_Your objective:_ Below are the records; return exactly the lines from the one with "მოქალაქე? — ისე, პროზილაქტივისათვის!" through the final line, both included, minus any pictures.

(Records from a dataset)
++++++++++
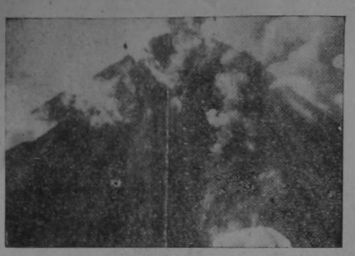
A la izquierda, el volcán Mayón de las Islas Filipinas en este desparpado. A la derecha, el tren de La Cruz Roja al salir, para atender a las víctimas de la candente lava.
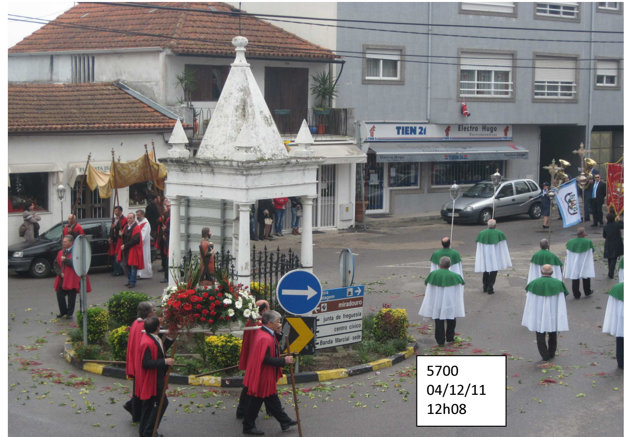
5700 04/12/11 12h08
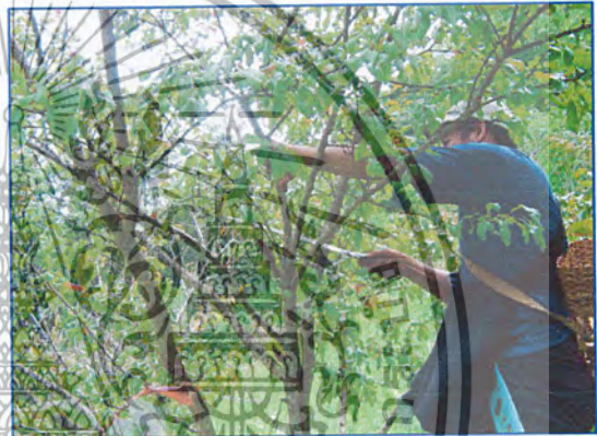
ภาพที่ 12 การตัดแต่งกิ่งต้นพลัม

“เมื่อก่อนคิดจะปลูกก็ปลูกเลย ขุดปลูกๆ โดยไม่มีการวางแผน ทำให้ปลูกได้น้อย การจัดการลำบาก แต่ตอนนี้ไม่ใช่แล้ว ทางชุมชนมีการจัดตั้งกลุ่มขึ้นมา เพื่อรับผิดชอบด้านการจัดการพื้นที่ปลูกโดยตรง ผมก็ทำอยู่ในจุดนี้กลุ่มเรามีคนรับผิดชอบอยู่ 4 คน พื้นที่หลังจากปลูกไม้ผลแล้วยังมีพื้นที่เหลืออยู่ก็จะปลูกผักสวนครัวบ้าง สมุนไพรบ้าง ไม้ผลบางอย่างที่โตช้าก็จะปลูกพืชอื่นแซมก่อน เช่นปลูก อโวคาโด ซึ่งใช้เวลา 3 ปีกว่าจะได้เก็บ แต่เราก็ปลูกกล้วย ปลูกผักสวนครัวแซม เป็นต้น ทำให้มีรายได้ตลอด และเรายังรับผิดชอบในการให้ความรู้เรื่องการให้น้ำ การใช้ปุ๋ย การตัดแต่งกิ่ง เรื่องโรคต่างๆ อีกด้วย ส่วนเรื่องผลตอบแทนของกลุ่มนั้นในแต่ละเดือนจะมีเงินสนับสนุนจากชุมชนให้มาเดือนละ พันบ้าง สองพันบ้าง ตามที่ชุมชนจะให้ แต่ที่เราได้คือ ถ้าบ้านเราจะปลูกอะไร หรือมีงานอะไร ชาวบ้านก็จะมาช่วยเราโดยไม่คิดผลตอบแทน ผมคิดว่าดินะ ที่ทุกคนยังช่วยเหลือซึ่งกันและกันอยู่ และทางกลุ่มของเราก็จะไปดูงาน หาความรู้จากแหล่งต่างๆ เพื่อที่จะทำให้ดีกว่าเดิมด้วย”
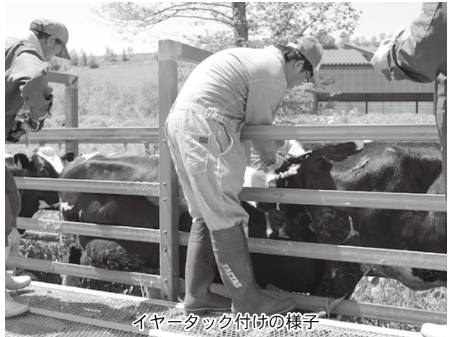
イヤータック付けの様子

5月中旬、ナイタイ高原牧場において今年度の放牧が開始された。各利用者の預託牛は日本一の広さを誇る大草原に勢いよく駆け出していく。
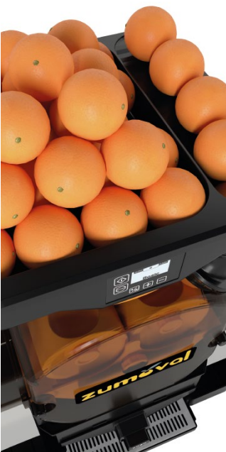
NEW manual feeder NUEVO alimentador manual NOUVEAU chargeur manuel NUOVO alimentatore manuale
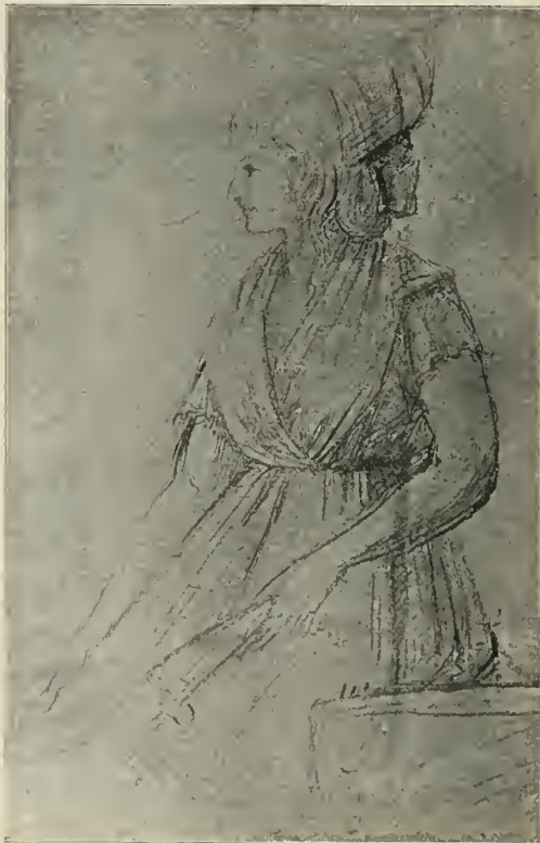
Abb. 88. Skizze Canovas im Museo Civico in Bassano.

Canovas, Männer- und Frauenakte, Kopien nach der Antike, Gewandstudien, Skizzen und Entwürfe, in sieben Foliobänden wohlgeordnet. Canova war in solchen Studien unermüdet. Viele Jahre hindurch begann er mit ihnen sein Tagewerk. Dennoch ist die Gattung dieser Arbeiten eine verhältnismäßig beschränkte, und schon darin werden sie für die Eigenart ihres Schöpfers charakteristisch. Sie umfassen nur bestimmte Seiten der Erscheinungswelt, über die sie sehr selten hinausgreifen. Das intime Kleinleben der Natur fehlt ganz. Es verdient auch Erwähnung, daß sich unter diesen Zeichnungen nicht ein einziger Porträtkopf findet. Nur ganz vereinzelt kommt wohl einmal eine genrehafte Skizze vor: einige fränkische Bauern, deren Trachten Canova aufgefallen waren, oder auch ein Landmädchen (Abb. 88). Etwas häufiger sind Tierfiguren, besonders Pferde. Ungleich stattlicher aber ist die Reihe der Antiken. Von seinen Lieblingsstatuen, den Dioskuren, enthält diese Sammlung etwa 25 Aufnahmen. Von allen Seiten hat er sie kopiert, und man begreift, daß dieser Män-
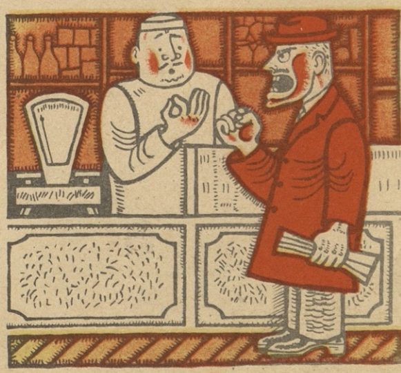
— ჰერ არაფერი ამიწონია თქვენთვის და რატომ მლანქავთ, მოქალაქე? — ისე, პროზილაქტივისათვის!
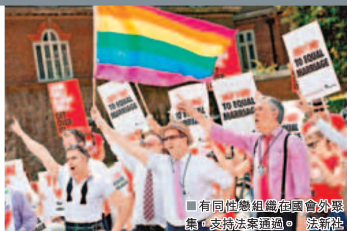
有同性戀組織在國會外聚集，支持法案通過。
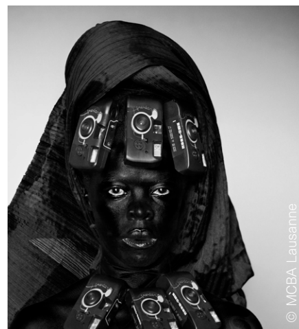
Zanele Muholi, Thathu I.

« Résister, encore », jusqu'au 15 mai, MCBA, www.mcba.ch .
++++++++++
_Answer:_
— ჰერ არაფერი ამიწონია თქვენთვის და რატომ მლანქავთ, მოქალაქე? — ისე, პროზილაქტივისათვის!
有同性戀組織在國會外聚集，支持法案通過。
Zanele Muholi, Thathu I.

« Résister, encore », jusqu'au 15 mai, MCBA, www.mcba.ch .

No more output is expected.